Veel DDR-burgers wendden zich met hun relatieproblemen tot advies in tijdschriften of op televisie. Ze volgden de officiële partijlijn en adviseerden: in plaats van te flirten tijdens het dansen, zou je liever rondkijken bij je collega’s of werknemers. Deze afwijzing van dansen kwam niet voort uit preutsheid, zegt Großmann: “De counselors putten uit hun ervaring als artsen of psychotherapeuten: uit de uren van huwelijksadvies die ze aanboden. Daar hadden ze veel gevallen waarin het paar niets meer tegen elkaar te zeggen had. ‘Een van de redenen was dat mensen jong trouwden en elkaar waarschijnlijk niet zo goed kenden.”
Siegfried Schnabl was een van de leidende seksspecialisten in de DDR. De seksuoloog was van 1973 tot 1993 hoofd van het centrum voor huwelijks- en seksuele begeleiding in Karl-Marx-Stadt / Chemnitz. Hij sprak op radio, televisie en in tijdschriften over de problemen van menselijke seksualiteit. Met 18 edities was zijn boek ‘Man en vrouw intiem.
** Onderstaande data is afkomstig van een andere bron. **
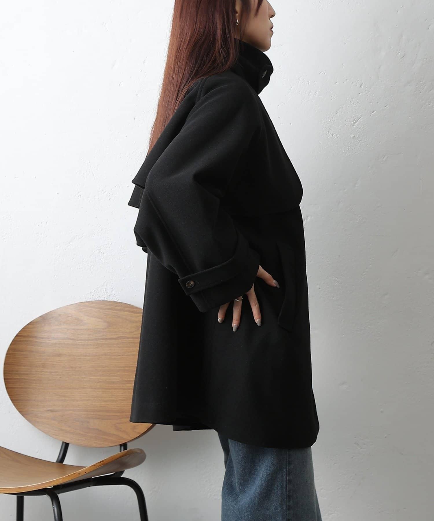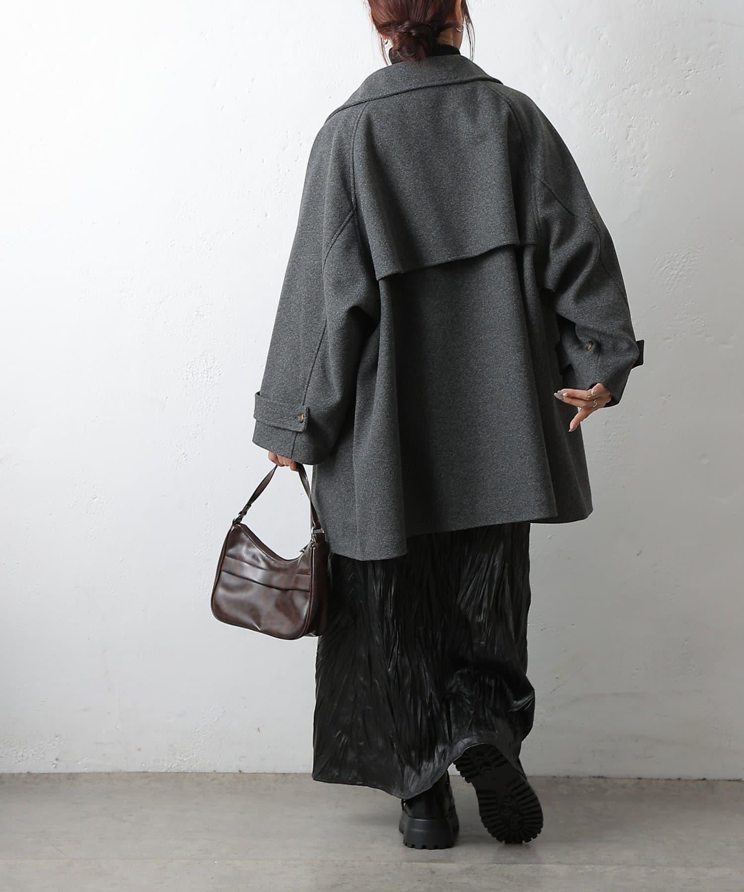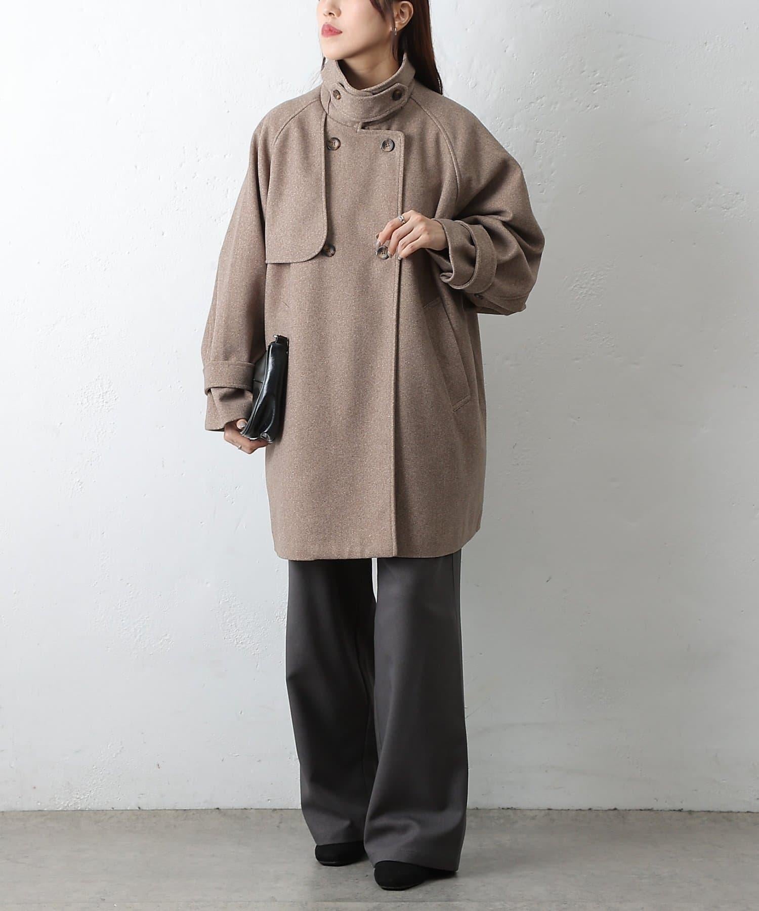 插肩袖平滑地連接了肩部線條,穿著舒適,不會影響手臂的活動,而長度則遮住了臀部,為冬季帶來溫暖。
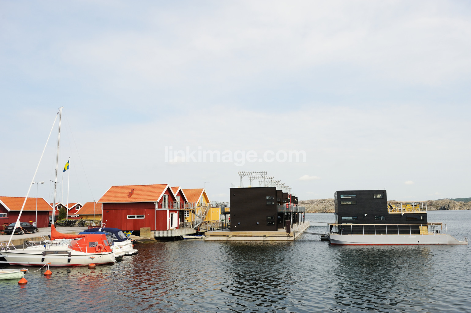 hotel, bridge, bridges, house, cottage, cottages, bod, sheds, modern, black, red, archipelago, protruding, sailboats, port
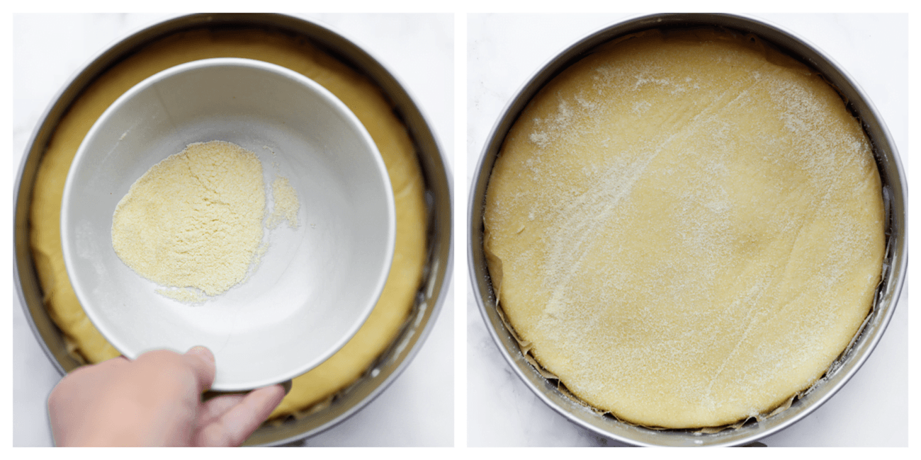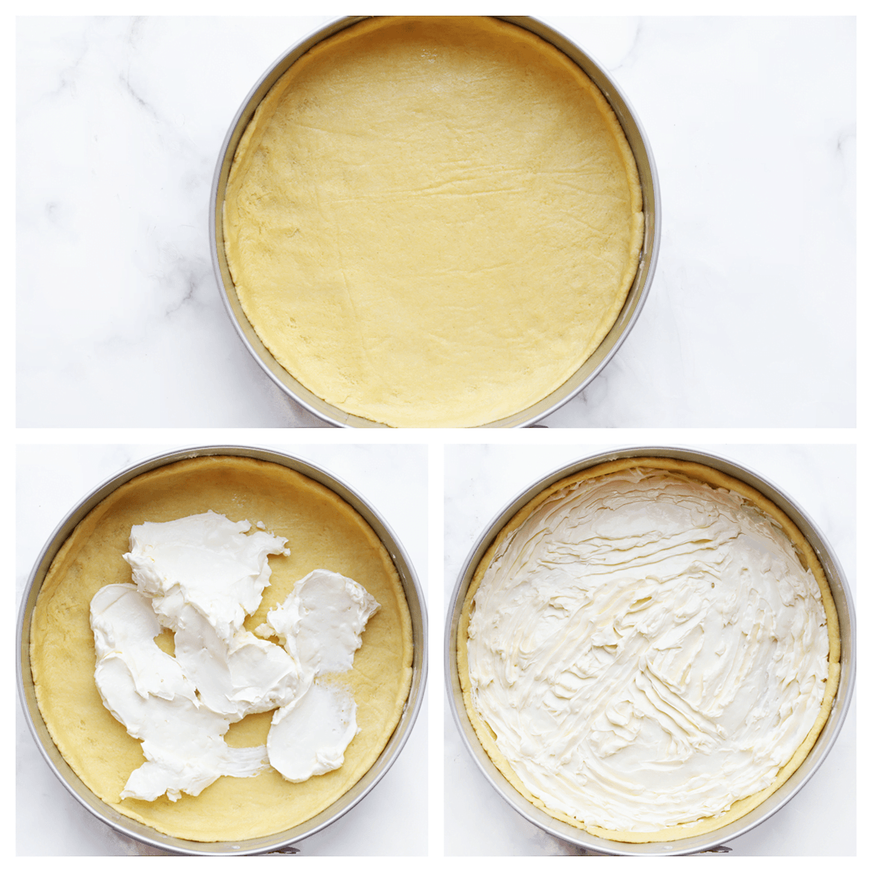 Verdeel het deeg over een springvorm en neem de zijkanten mee, met een hoogte van 3 cm. Vul deze gelijkmatig met het roomkaasvulling.

Vragen over gezond en verstoord seksleven’ de meest succesvolle huwelijks- en seksgids in de DDR.
Op initiatief van de staatscentra voor huwelijk, gezin en seksuele begeleiding zijn op veel plaatsen clubs voor alleenstaanden opgericht. Ze renden onder zulke levendige namen als ‘Solo Klub’ in Karl-Marx-Stadt of ‘Klub der Unmarriedeten’ in Berlijn. Dansen, volleyballen, praten over literatuur – de clubleden konden van alles doen. Het ging vooral om het leggen van sociale contacten en het uitwisselen van ideeën. Sommige leden brachten ook samen verjaardagen en vakanties door. Natuurlijk werd het ene of het andere stel gevonden. Net als op veel andere gebieden organiseerde de staat het alleenleven van zijn burgers.
De gepropageerde partnerruil in de staatsbedrijven en -kringen liep echter vaak uit de hand. Historicus Großmann weet dat hier niet alleen huwelijken aan de horizon waren: “Sinds vrouwen aan het werk gingen, zijn affaires met collega’s een groot onderwerp in de brieven van lezers.” Terwijl in het Westen de postbode tot in de jaren zeventig de grootste bedreiging voor een stabiel huwelijk bleef, was het in het Oosten de aardige collega van hiernaast met wie de vrouw lol kon hebben bij een gezelschapsdans.